あんなに今まで仲良く楽しく過ごしてきたし、どんなに悲しくても辛くても悲しみを共有して乗り越えてきた。
そんな彼女が人間じゃなかったなんて。
「…じゃあ君は一体何なんだい?」
「私は、人間に化けた竜なの。この世界の竜は人間に化けて安心させてから人間を食べなければならないの。この世界には私以外にもたくさんの竜がいるわ。みんなそうしてきたの。これが竜の生き方なのよ。私も最初はすぐ食べようと思ってた。でもあなたとの生活が楽しくてそんなことできなかった。あなたも知っている通り私はあなたに恋をしたの。」
「ああ、知ってるさ。僕もだよ。」
「愛している人を食べるなんてできなかった。でも竜は3年以内に人間を食べなければ死んでしまうの。そして今日はあなたと出会ってちょうど3年。あなたを食べなければいけないの。本当にごめんなさい。

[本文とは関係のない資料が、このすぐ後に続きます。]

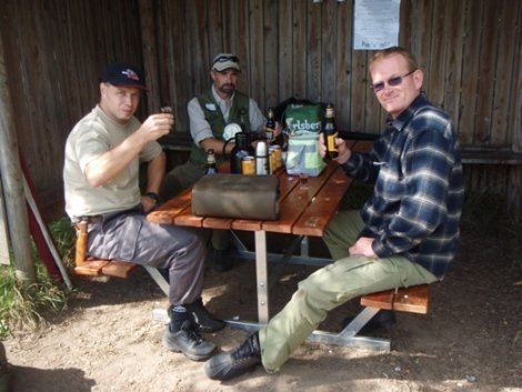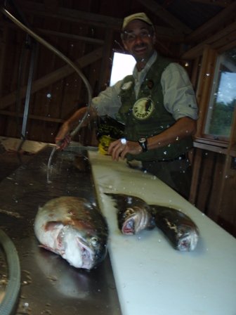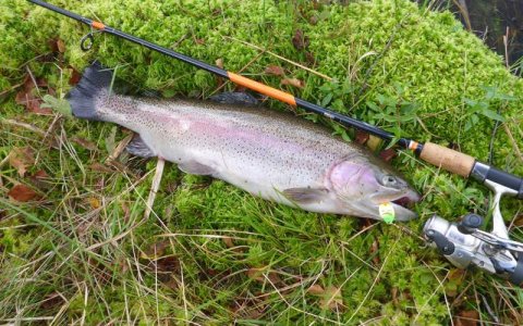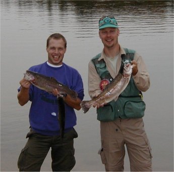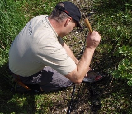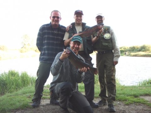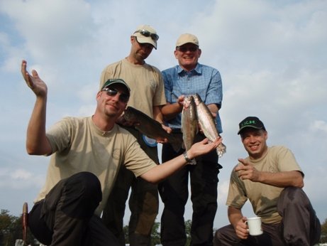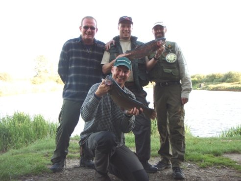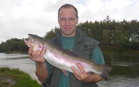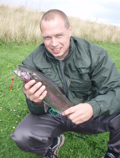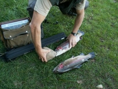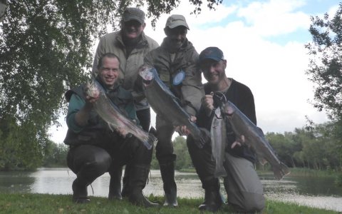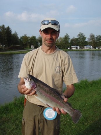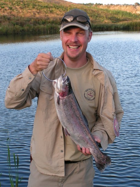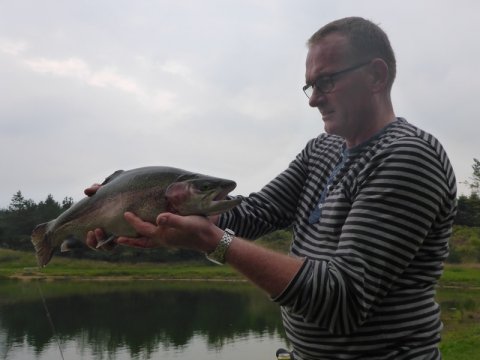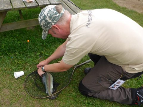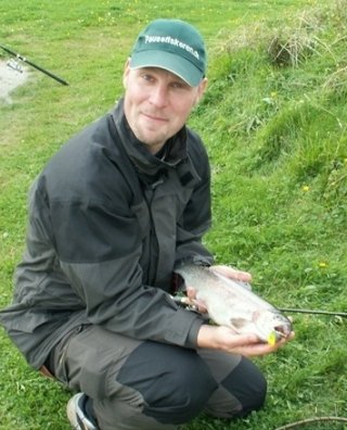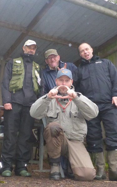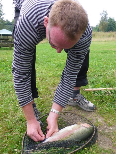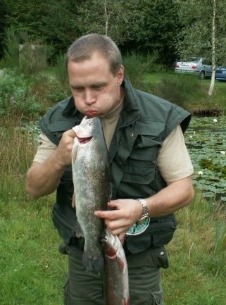 Fiskekongen XVI Den Pausefiskende takker de tro væbnere for en tilpas stridslysten dyst ved den store Fiskesø-flod i det vestjyske! Ja, egentlig var det vel kun Flinkfiskeren der seriøst også prøvede at kroge kongetitlen, som mulig vinder af "Tjek-Li-Æ-Orm Cup 2012". Turisten nøjedes med at prikke lidt til ørredgummer med sine slidte kroge og Fynboen forsøgte blot at holde sig tør i år!? Så afgørelsen skulle vel falde imellem de flotte, men knap så store, bækørreder, som Flinkfiskeren & Pausefiskeren så atletisk havde fightet? Næh! 57 cm velfightende regnbueørred fristet af skalreje gjorde en royal forskel - da Turisten og Pausefiskeren skulle til at gå i gang med kaffe & kage! Hil Pausefiskeren! Heldigvis var der ved den efterfølgende Gallamiddag trøstepræmier til dem uden "fiskefingre": Fynboen fik overrakt en "rigtig flot" regnbueørred støbt i glas ... mens Turisten fik overrakt den fiskestangsimiterende sølvfarvede "fighterpokal" med en friskfanget dåse fiskeboller! Tillykke!

」
頭を下げる彼女を見て少ししてから彼は口を開いた。
「僕は君に食べられるのは構わないよ。君のためなら喜んで食べられるさ。」
「…本当?本当にいいの?私が食べたらあなたは死んでしまうのよ?」
「…いいさ。だって僕は君を愛しているんだもの。愛する人に食べられて死ぬだなんて僕は世界で一番幸せな男だよ。」
「あなた…」
泣き崩れる彼女を見る彼は少し笑っていた。
しばらくしてあたりに咀嚼音が響いた。
それと一緒に竜の鳴き声も。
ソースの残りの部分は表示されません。